Chapter 1: The Capability Overhang

The observed condition

A person running a business can now instruct software to build software. The instruction is typed in plain language into a chat window, the same window where that person drafts emails and summarizes meeting notes. What comes back, often within the hour, is a working system: a customer database, a cash-flow dashboard, a pipeline that reads invoices and writes ledger entries, a public website that takes orders. Until a few years ago, each of these was a project. It had a budget, a timeline, a vendor or an in-house developer, and at least one person whose job included worrying about what could go wrong with it. Now each is an afternoon.

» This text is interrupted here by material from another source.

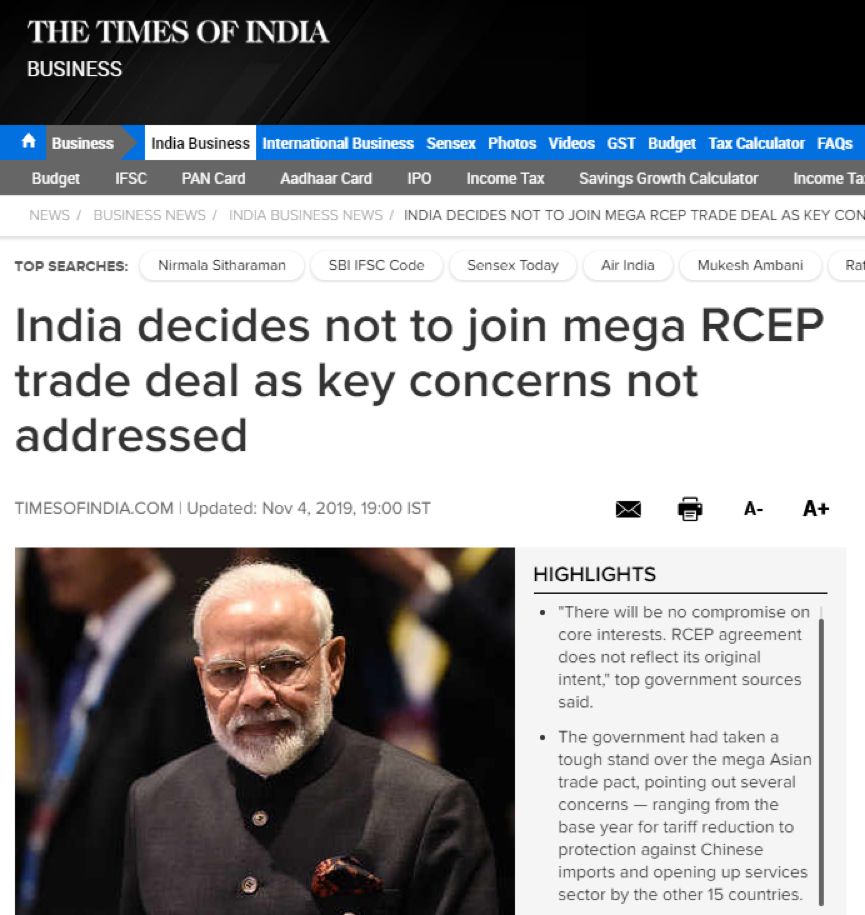 “RCEP未能展現出其設立的初衷,我們也不會因此損害印度的核心利益”,一個來自印度政府高層的消息稱。該信源同時告訴《印度時報》,印度的立場是該協議既要務實,也要保護到印度窮人的利益,還要能讓印度的服務業獲利。

The people doing this are mostly not technologists. This book calls them operators: owner-managers, practice principals, finance directors, department heads, the people who run the work of a firm rather than its infrastructure. An operator who adopts these tools acquires, for the price of a software subscription, a capability that used to arrive only inside an employment contract or a vendor relationship. That difference in packaging matters more than it first appears.

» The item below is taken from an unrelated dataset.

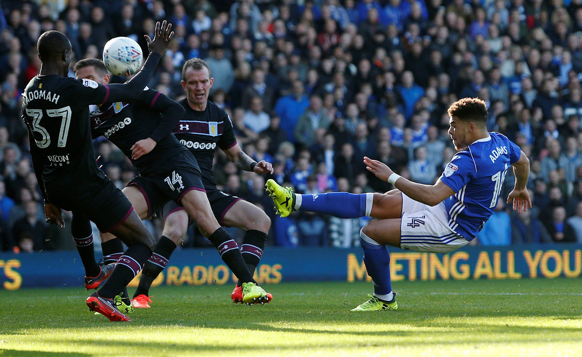 Soccer Football - Championship - Birmingham City vs Aston Villa - St Andrew's, Birmingham, Britain - October 29, 2017 Che Adams of Birmingham City shoots at goal Action Images/Ed Sykes

Capability has rarely travelled alone. When a firm hires a bookkeeper, it does not receive raw bookkeeping capability; it receives a person trained in a tradition: reconciliation, a separation between the person who records and the person who approves, a month-end close. When it buys accounting software from an established vendor, the vendor's controls come in the box: access rights, an audit history, backups, a support desk that has seen every failure before. The concepts that keep capability safe have always been bundled with the capability itself, carried by professions, vendors, and institutions, and mostly invisible to the buyer, who inherits them.

Every operator already lives inside such inheritances without noticing. The bank requires a second person to release a payment above a threshold. The payroll system refuses to run the same pay cycle twice. The accountant asks the same tiresome questions every year-end, and the questions turn out to be a checklist refined by other people's disasters. None of this was designed by the operator, and none of it needed to be understood to be benefited from. It came with the bank account, the software license, the professional engagement. That is what a governance tradition looks like from the inside: mostly friction, all of it somebody else's accumulated experience arriving pre-installed.

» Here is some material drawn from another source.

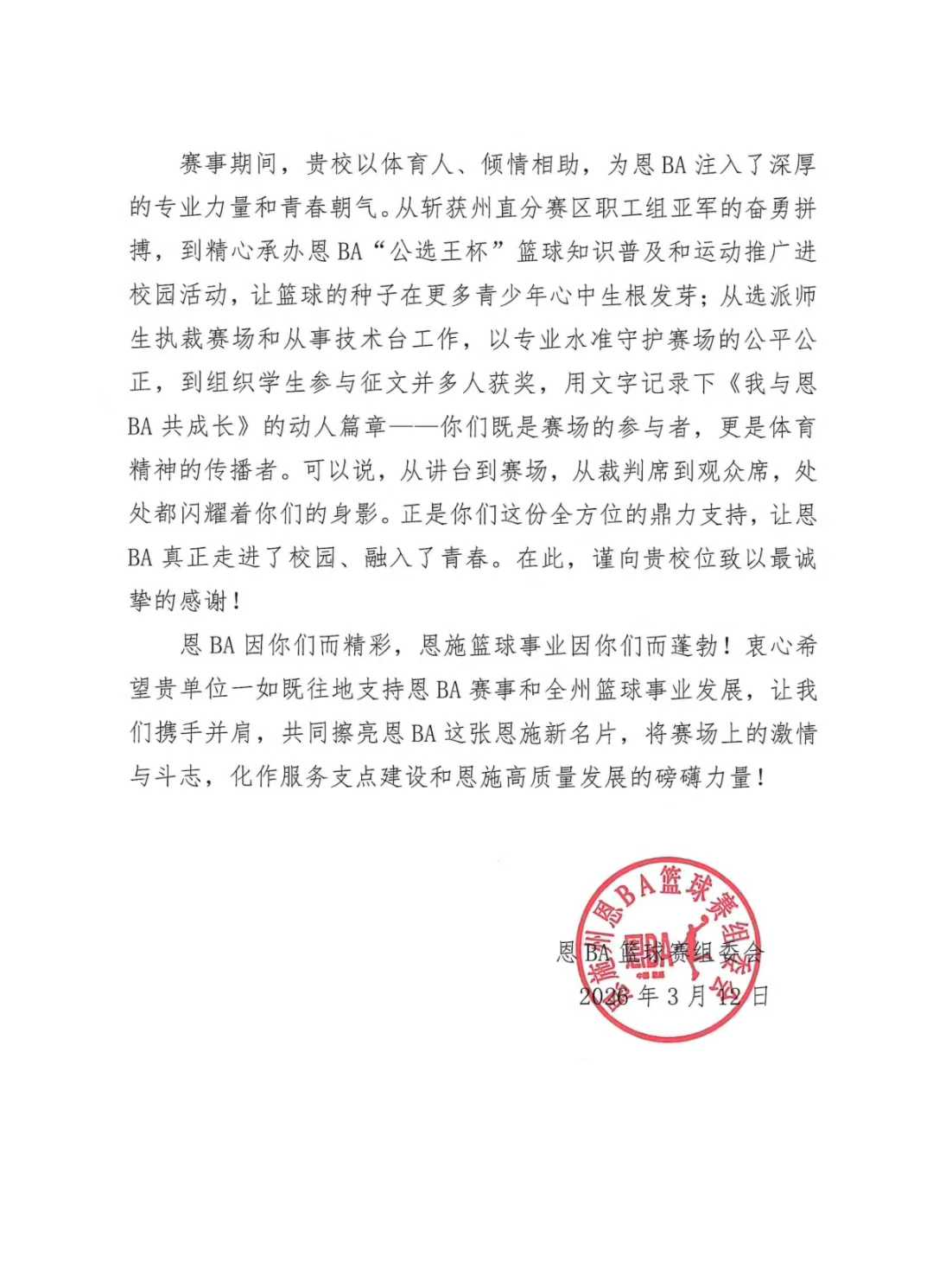 3月13日,恩施州恩BA篮球赛组委会向365电子娱乐官方网站体育学院发来感谢信,对学院在2025年恩BA篮球赛期间提供的专业支持、志愿服务、赛事保障与人才支撑表示诚挚感谢,高度肯定学院为赛事成功举办作出的重要贡献。

A generated system arrives with no such bundle. The prompt produces the capability and nothing else. There is no tradition in the box.

The result is the condition this chapter records: AI has placed enterprise-grade capability generation in the hands of operators who lack the governance concepts that capability requires. The book calls this condition the capability overhang. The sections that follow establish the condition from the public record and show why it will not close on its own.

The condition, measured

The most direct measurement available comes from a workforce survey. In 2025, KPMG and the University of Melbourne published a global study of attitudes to and use of AI at work. Two of its findings describe the condition in numbers. Forty-four percent of employees reported having used AI at work in ways that contravene their organization's policies and guidelines. Almost half admitted uploading sensitive company information to AI platforms their employer had not sanctioned.1

These figures come from a single survey and should be read as that survey's estimate, not as settled fact. Their order of magnitude is the useful part. The behavior they describe is not a fringe activity conducted by a firm's most reckless employees; on this evidence it is closer to ordinary practice, running at a scale no policy document has caught up with. The second figure, stated plainly, is the sensitive information of the business, uploaded to systems the business has never evaluated, by people acting in good faith to get their work done.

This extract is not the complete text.